The Committee on Delegated Legislation asked the National Assembly to annul the proposed law for contravening certain constitutional requirements, including public participation.
“The committee recommends that the House annuls in entirety the said statutory instrument for failing to demonstrate that sufficient public participation was undertaken contrary to Articles 10 and 118 of the Constitution,” said the committee in its report tabled in the National Assembly on Tuesday.
The William Kamket-led committee noted that Treasury did not provide them with information to show that the public had been consulted on the making of the Bill.
For example, such details as the dates and responses were lacking in the explanatory memorandum submitted in Parliament.
According to the lawmakers, the Public Finance Management (Sinking Fund) Guidelines, 2021 also contravened sections 5, 5A and the Schedule to the Instruments Act adding that a regulatory impact statement was also not submitted.

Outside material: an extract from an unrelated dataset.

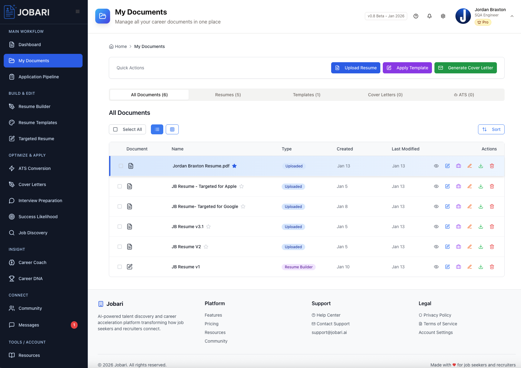 Jobari is an AI-powered job search platform that helps you build, optimize, and manage your applications in one place. Upload or build a resume, set a default, optimize for ATS, apply templates, and save versions. Create targeted resumes and cover letters, prep for interviews, get resume-aware AI career coaching, track applications in a Kanban board, and see how well your resume matches a job posting.

This is a blow to the Treasury as it had hoped to use the “Sinking Fund” to reduce its debt repayment burden, which has been getting heavier, with most of the taxes going to service loans.
In the first two months of the current financial year that ends in June 2022, for every Sh100 that the Kenya Revenue Authority (KRA) collected, Sh65 was used to repay both domestic and foreign debts.
The taxman collected Sh247.1 billion in taxes, with the National Treasury using Sh162.4 billion to service debts.
The fund would have been used for amortisation of liabilities, debt restructuring, and redeeming of maturing government loans.
The fund, which was supposed to be appropriated by Parliament, was also supposed to build up resources for meeting maturities of loans and securities issued in the domestic and international debt markets.
The Bill was also supposed to correct any mispricing along the yield curve, a graph that depicts how the yields on debt instruments vary as a function of the years remaining to maturity. It is a proxy for investor sentiment on the direction of the economy.
It would also be used to buy back the national government loan obligation in the debt market, meet the costs of switches and early redemption of national debt and meet costs associated with such loans.
The committee said the guidelines contravened a clause in the Statutory Instrument Act, with the enabling provision invoking the wrong reference as it was made under the Public Finance Management (National Government) Regulations, 2015.
The committee further explained that while the Public Finance Management Act, 2012 allowed the Treasury Cabinet Secretary to establish a sinking fund for the redemption of loans raised under the Act by the national government, this should have been done by way of affirmative resolution.
“The publication of the guidelines are, therefore, a contravention of section 13(a) of the Statutory Instruments Act (No. 23 of 2013,” said the committee.
The governance structure of the fund included an advisory committee, fund administrator, and the secretariat, who would be appointed by the CS.
The Exchequer had estimated that savings from this reform would yield savings of between four and five per cent of interest costs, which Treasury reckoned would be a significant saving for a middle-income country.
When the market is good, the government would tap cheap loans and pump them into the Sinking Fund, which would, in turn, be used to offset expensive loans and create additional fiscal space to support priority development expenditures.
Treasury had told the MPS that debt service is expected to rise over time as a percentage of revenue and the reform was, therefore, intended to address this challenge.
The Sinking Fund was also to earn income through the investment of resources in the fund.